◆ **What you should do**:
Copy out exactly the lines from the one containing "非得手动一个个点升六点升级重" to the last line of the records below, both included, and leave out any pictures.

Extracted records:
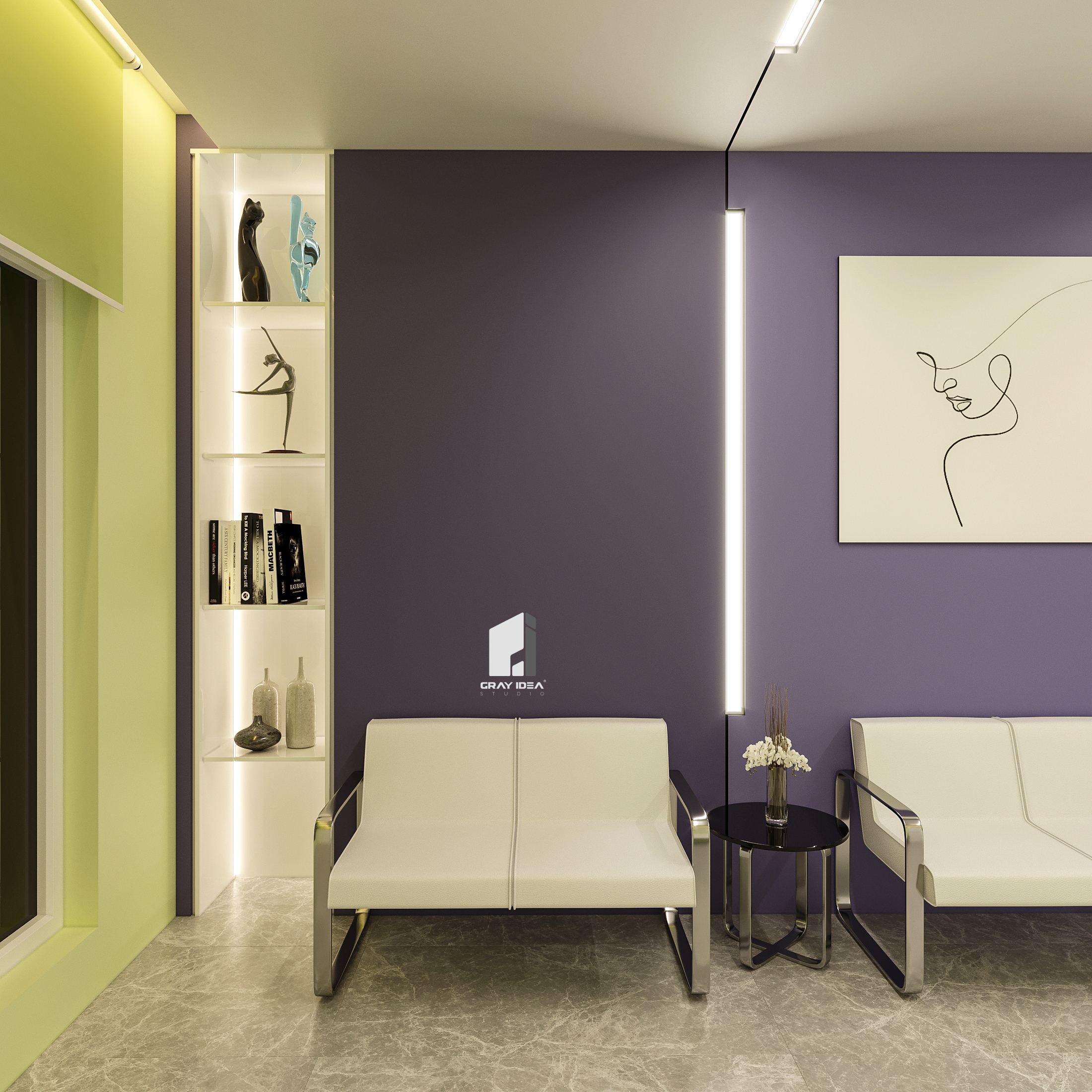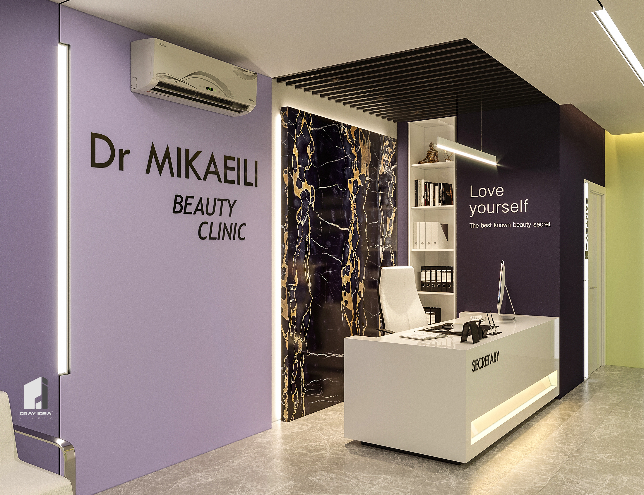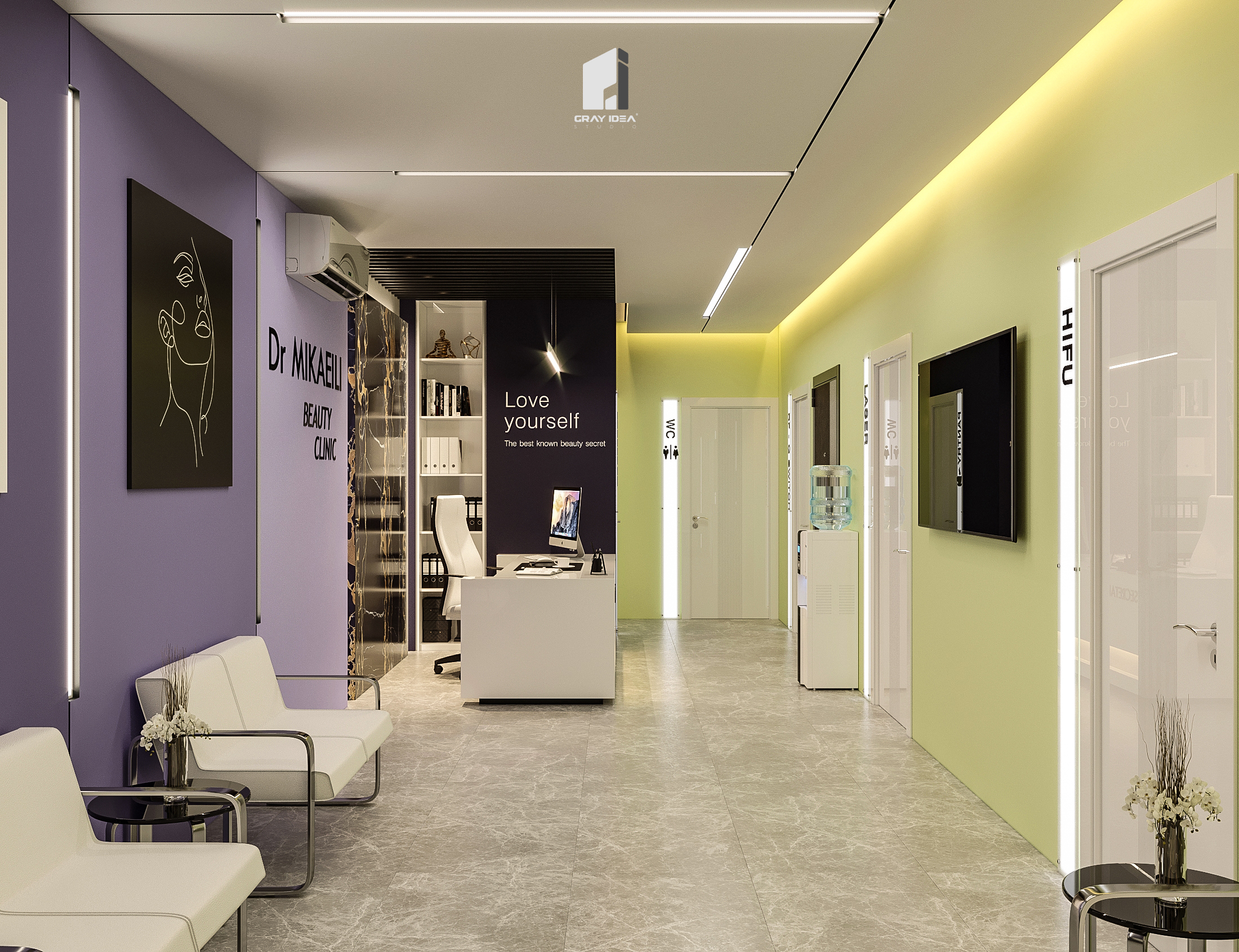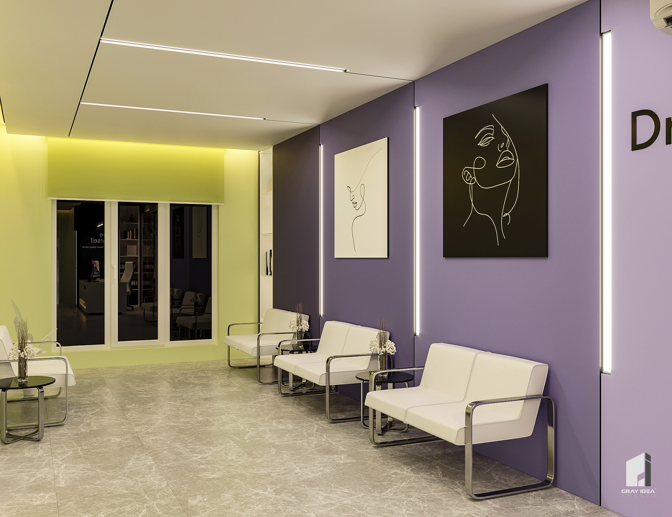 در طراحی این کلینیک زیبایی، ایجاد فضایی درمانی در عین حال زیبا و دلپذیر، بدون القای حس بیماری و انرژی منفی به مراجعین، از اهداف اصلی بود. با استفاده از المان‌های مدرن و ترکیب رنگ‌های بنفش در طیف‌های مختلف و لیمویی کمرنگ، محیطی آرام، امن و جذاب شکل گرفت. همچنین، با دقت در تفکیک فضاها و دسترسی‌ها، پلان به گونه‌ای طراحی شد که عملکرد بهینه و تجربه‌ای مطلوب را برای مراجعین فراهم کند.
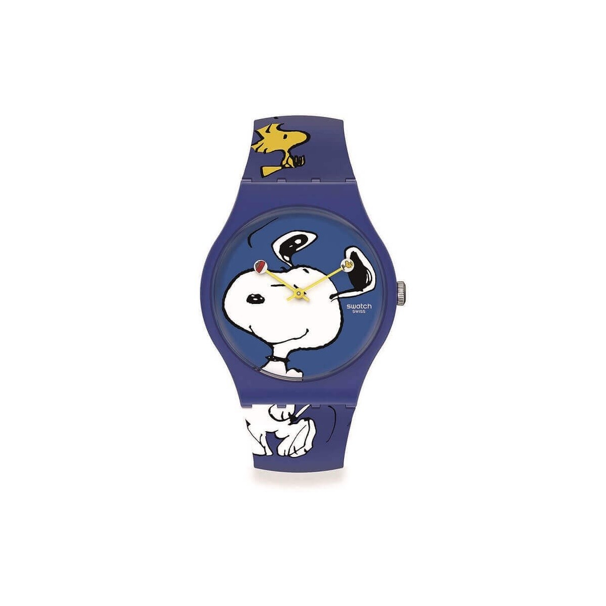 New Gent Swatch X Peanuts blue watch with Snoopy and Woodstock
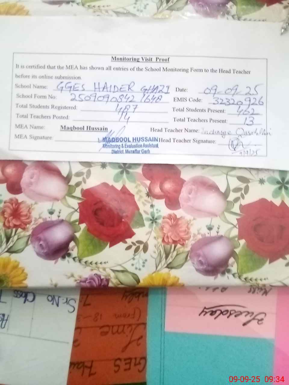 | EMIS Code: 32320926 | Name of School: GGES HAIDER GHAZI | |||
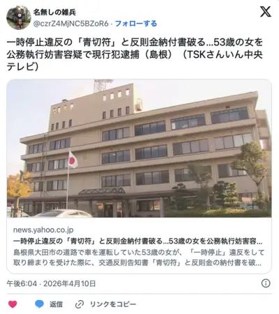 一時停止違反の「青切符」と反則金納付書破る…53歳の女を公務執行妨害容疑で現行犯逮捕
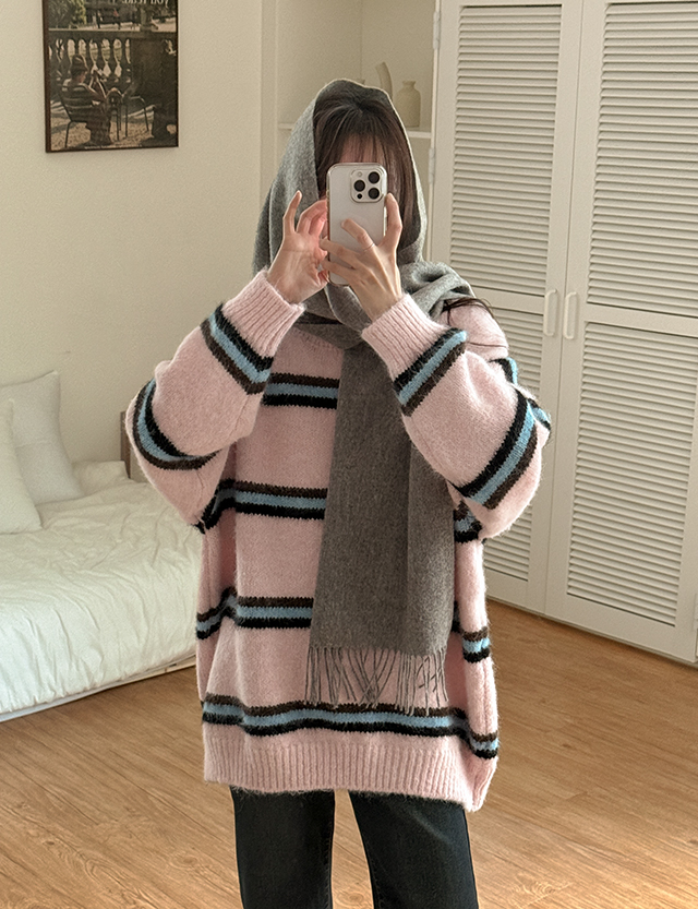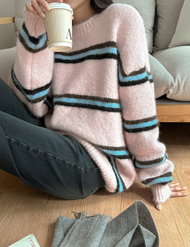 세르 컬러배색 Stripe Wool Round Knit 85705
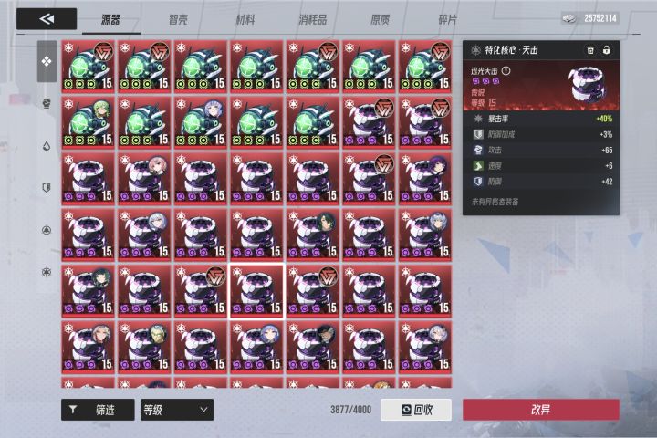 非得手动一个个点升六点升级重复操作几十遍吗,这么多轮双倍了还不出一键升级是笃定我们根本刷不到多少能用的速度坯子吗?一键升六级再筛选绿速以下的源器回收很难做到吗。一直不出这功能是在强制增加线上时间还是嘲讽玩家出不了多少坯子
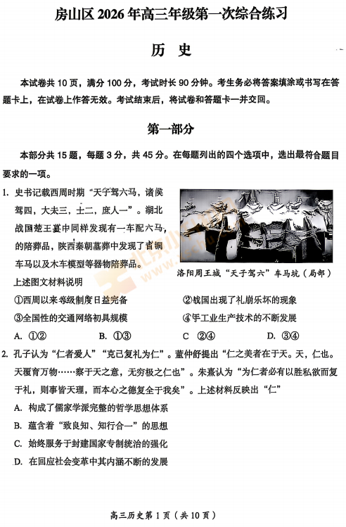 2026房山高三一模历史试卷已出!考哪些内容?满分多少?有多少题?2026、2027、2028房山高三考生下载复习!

◆ **Reply to the exercise**:
 非得手动一个个点升六点升级重复操作几十遍吗,这么多轮双倍了还不出一键升级是笃定我们根本刷不到多少能用的速度坯子吗?一键升六级再筛选绿速以下的源器回收很难做到吗。一直不出这功能是在强制增加线上时间还是嘲讽玩家出不了多少坯子
 2026房山高三一模历史试卷已出!考哪些内容?满分多少?有多少题?2026、2027、2028房山高三考生下载复习!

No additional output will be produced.